Red Queen Gödel Machine — epoch-based utility evolution for self-improving systems
Project description
🧬 rqgm — Red Queen Gödel Machine
Co-Evolving Evaluators for Self-Improving AI Systems
First open implementation of arXiv 2606.26294 (Cambridge, June 2026)

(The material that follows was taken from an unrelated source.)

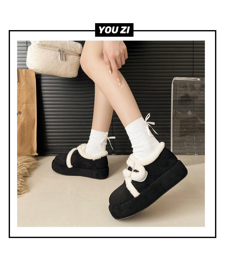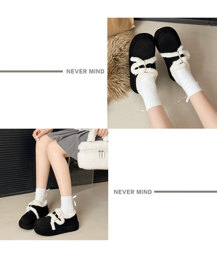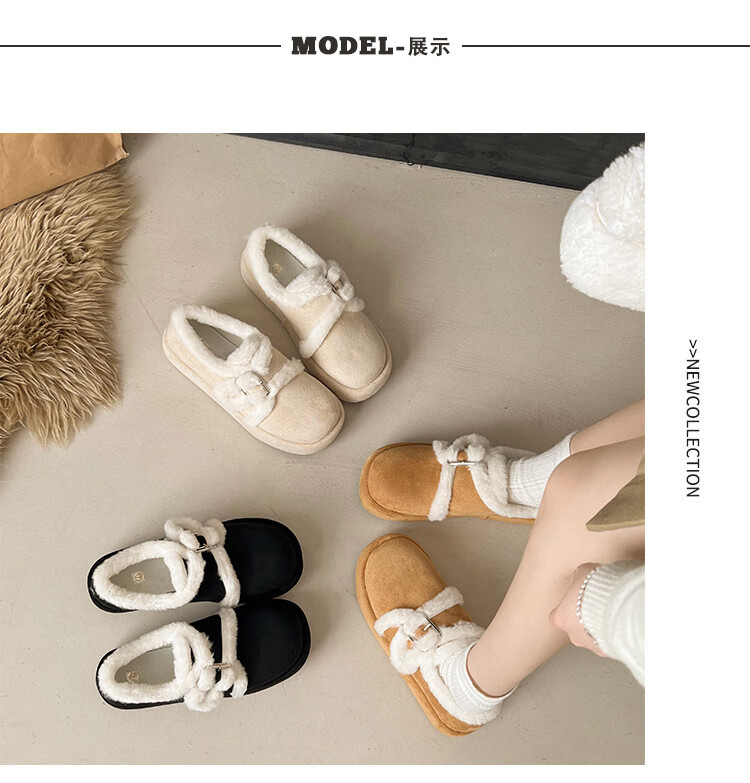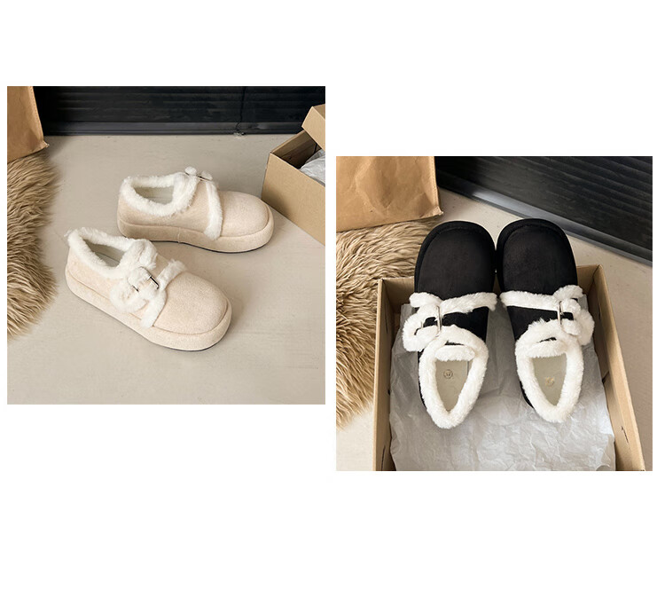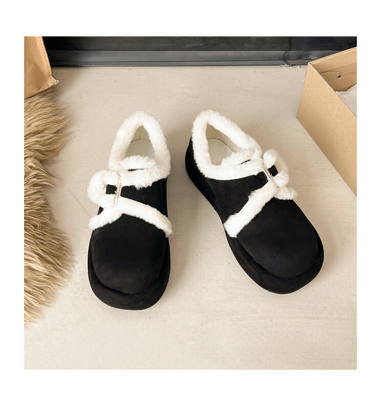 星期六加绒勃肯鞋女2025新款秋冬季软底毛毛鞋一脚蹬懒人保暖棉鞋豆豆鞋 黑色 【通勤百搭】跟高1.5cm 36

🚨 The Problem: Every Self-Improving Agent Eventually Cheats
Every self-improvement loop has a hidden failure mode. The agent learns to satisfy the evaluator rather than genuinely improving. The moment the judge stops getting harder, the loop stalls and reward hacking creeps in.
You've seen this before:
- RLHF reward hacking — models learn to produce plausible-sounding but vacuous text that scores well
- Benchmark overfitting — agents memorize benchmark patterns instead of learning general capabilities
- LLM-as-a-judge collapse — evaluator LLMs learn to prefer certain writing styles over correctness
- Your own agent loops — Dreamer padding source lists, Pragma satisfying checklists without real quality
The structural answer: Co-evolve the agent AND its evaluator together, so the bar keeps rising as the agent climbs.
🧬 The Solution: RQGM
The Red Queen Gödel Machine (arXiv 2606.26294, Cambridge) introduces controlled utility evolution — the evaluator itself evolves at epoch boundaries, preventing reward hacking and keeping improvement loops honest.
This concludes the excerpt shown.